ABOUT THIS TASK> Please transcribe the entries exactly and omit the images they contain.

AVAILABLE RECORDS>
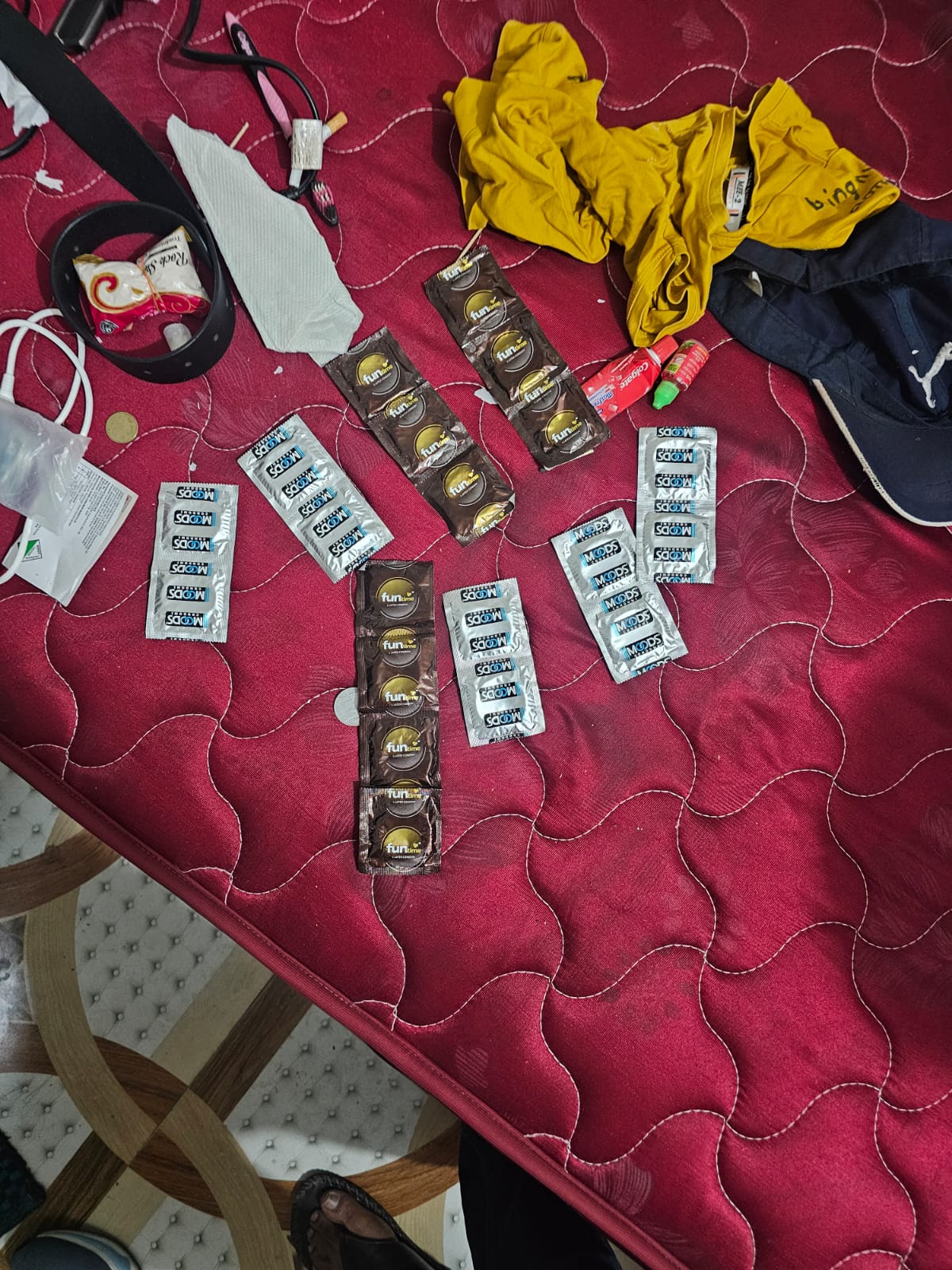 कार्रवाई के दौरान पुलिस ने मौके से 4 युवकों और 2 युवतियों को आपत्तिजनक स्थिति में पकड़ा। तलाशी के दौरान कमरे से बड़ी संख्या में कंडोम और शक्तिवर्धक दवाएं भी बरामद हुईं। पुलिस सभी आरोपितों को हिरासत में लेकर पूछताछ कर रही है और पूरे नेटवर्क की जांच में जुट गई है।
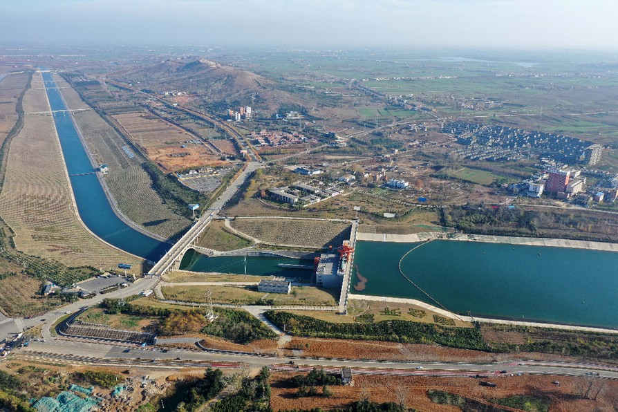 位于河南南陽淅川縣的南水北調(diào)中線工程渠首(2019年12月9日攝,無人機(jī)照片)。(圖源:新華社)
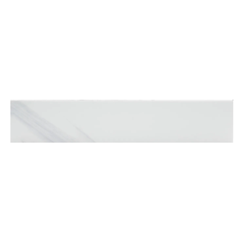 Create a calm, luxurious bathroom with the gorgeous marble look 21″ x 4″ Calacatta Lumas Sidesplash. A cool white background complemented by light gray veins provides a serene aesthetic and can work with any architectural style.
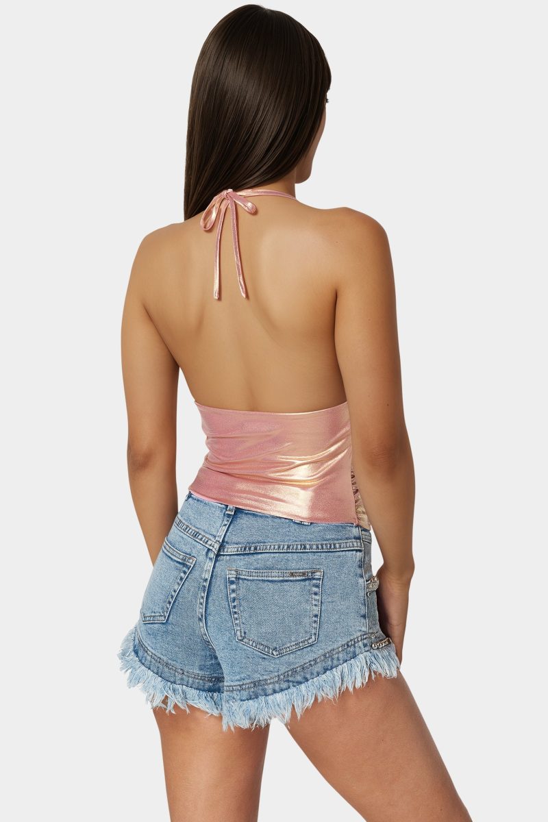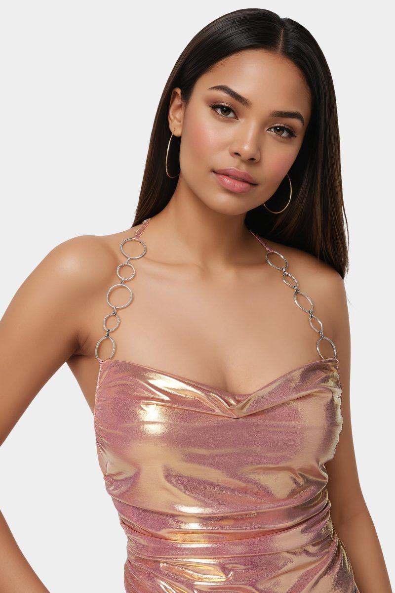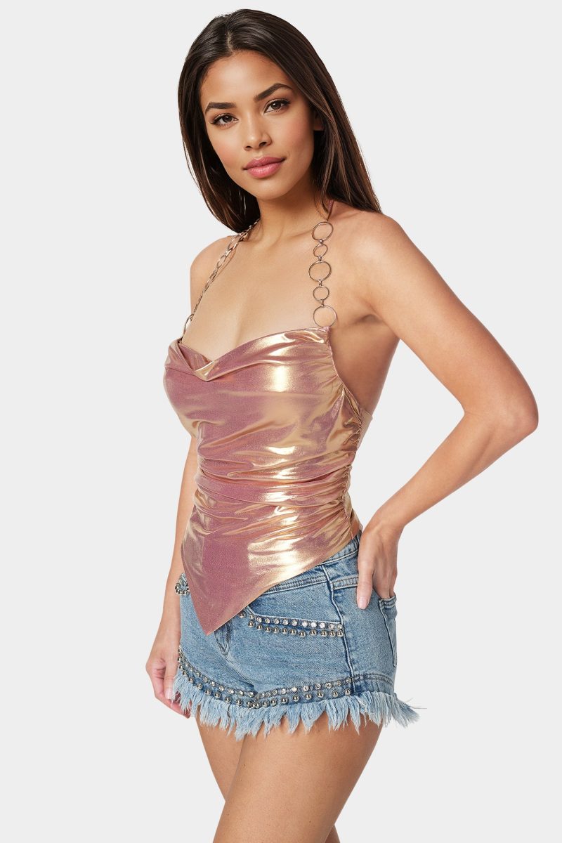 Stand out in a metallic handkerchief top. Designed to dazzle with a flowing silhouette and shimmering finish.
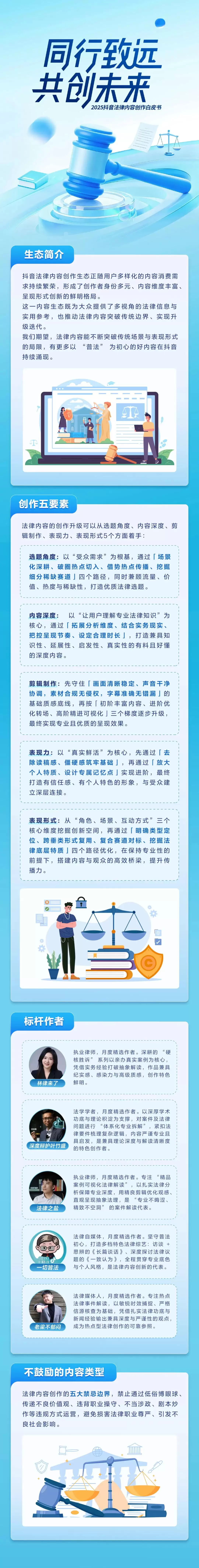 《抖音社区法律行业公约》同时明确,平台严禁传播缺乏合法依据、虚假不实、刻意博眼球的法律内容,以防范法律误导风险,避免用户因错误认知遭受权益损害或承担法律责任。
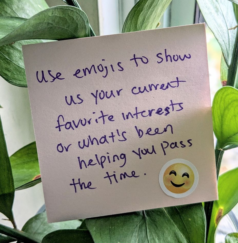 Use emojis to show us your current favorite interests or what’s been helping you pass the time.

EXPECTED ANSWER>
 कार्रवाई के दौरान पुलिस ने मौके से 4 युवकों और 2 युवतियों को आपत्तिजनक स्थिति में पकड़ा। तलाशी के दौरान कमरे से बड़ी संख्या में कंडोम और शक्तिवर्धक दवाएं भी बरामद हुईं। पुलिस सभी आरोपितों को हिरासत में लेकर पूछताछ कर रही है और पूरे नेटवर्क की जांच में जुट गई है।
 位于河南南陽淅川縣的南水北調(diào)中線工程渠首(2019年12月9日攝,無人機(jī)照片)。(圖源:新華社)
 Create a calm, luxurious bathroom with the gorgeous marble look 21″ x 4″ Calacatta Lumas Sidesplash. A cool white background complemented by light gray veins provides a serene aesthetic and can work with any architectural style.
 Stand out in a metallic handkerchief top. Designed to dazzle with a flowing silhouette and shimmering finish.
 《抖音社区法律行业公约》同时明确,平台严禁传播缺乏合法依据、虚假不实、刻意博眼球的法律内容,以防范法律误导风险,避免用户因错误认知遭受权益损害或承担法律责任。
 Use emojis to show us your current favorite interests or what’s been helping you pass the time.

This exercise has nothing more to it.